Cloth of gold do not despise,
Though thou art match'd with cloth of frize.

[Page 201,] line 3 from foot. Eliot's famous troop. General George Augustus Eliott (afterwards Lord Heathfield), the defender of Gibraltar and the founder of the 15th or King's Own Royal Light Dragoons, now the 15th Hussars, whose first action was at Emsdorf. At the time that regiment was being collected, there was a strike of tailors, many of whom joined it. Eliott, one version of the incident says, wished to get men who never having ridden had not to unlearn any bad methods of riding. Later they were engaged against the Spaniards in Cuba in 1762-1763.

[Page 202,] line 6. Speculative politicians. Lamb was probably referring to Francis Place (1771-1854), the tailor-reformer, among whose friends were certain of Lamb's own—William Frend, for example.

[Page 202.] Footnote. "Gladden life." From Johnson's Life of Edmund Smith—"one who has gladdened life"; or possibly from Coombe's "Peasant of Auburn":—

And whilst thy breast matures each patriot plan
That gladdens life and man endears to man.

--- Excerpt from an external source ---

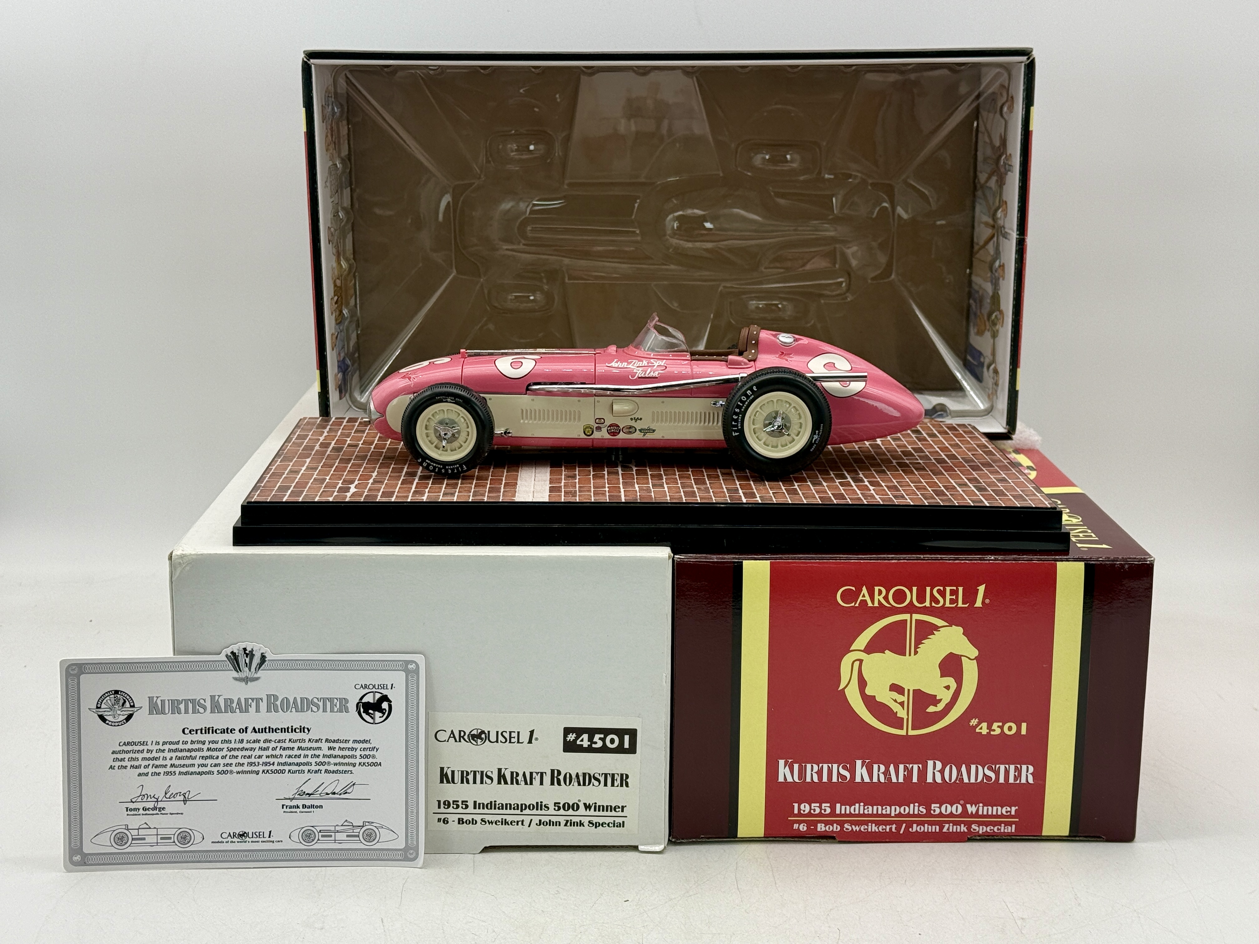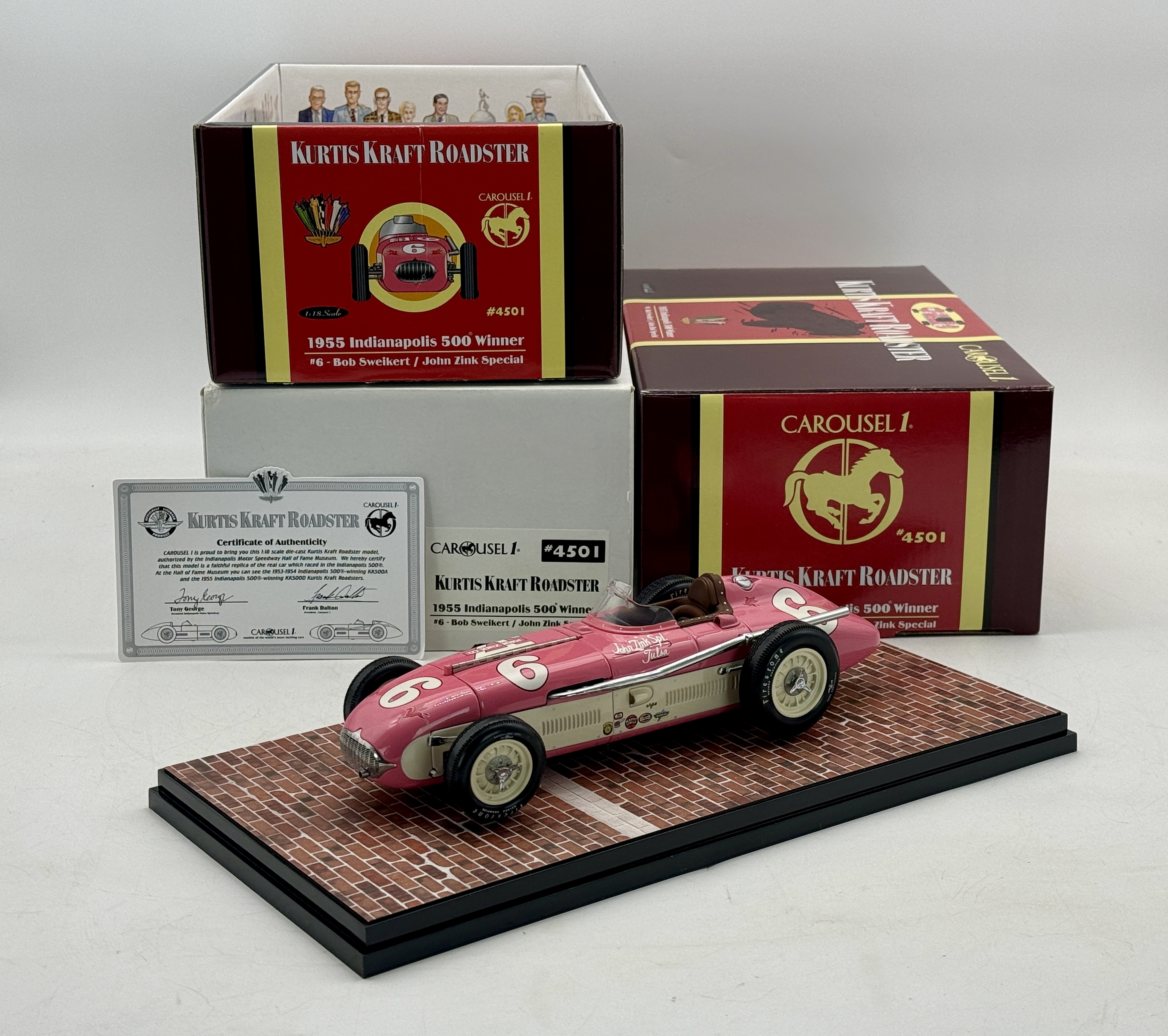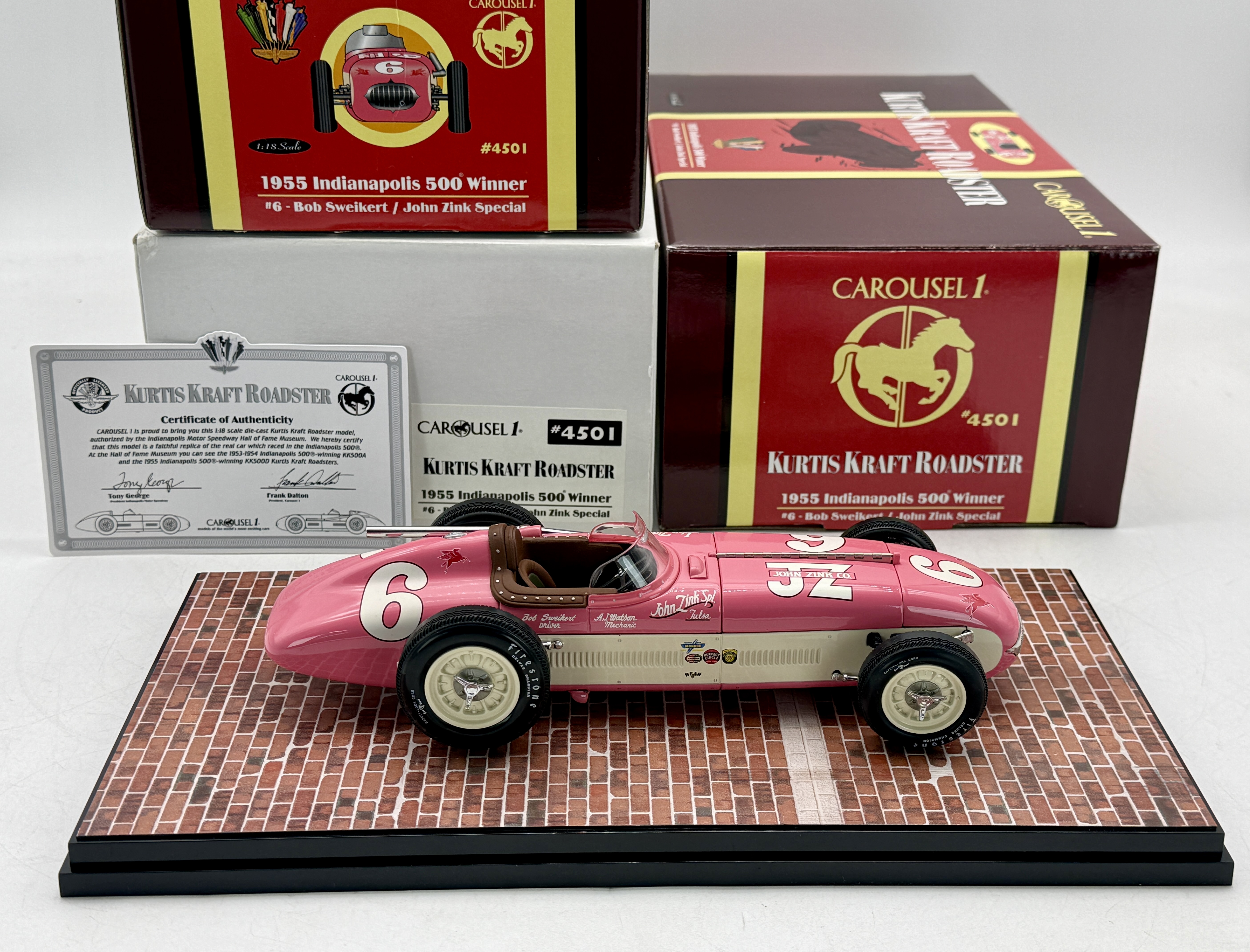 A pink and cream 1/18 scale Carousel 1 #4501 Kurtis Kraft Roadster die-cast model of the 1955 Indianapolis 500 winner driven by Bob Sweikert, including several original boxes and a certificate of authenticity. 9 inches long with shipping box, OB and inserts and certificate, C9

[Page 203,] line 22. Dr. Norris's famous narrative. The Narrative of Dr. Robert Norris concerning the strange and deplorable Frenzy of Mr. John Dennis was a satirical squib by Pope against the critic John Dennis (1657-1734). The passage referred to by Lamb runs:—

Doct. Pray, Sir, how did you contract the Swelling?

Denn. By a Criticism.

Doct. A Criticism! that's a Distemper I never read of in Galen.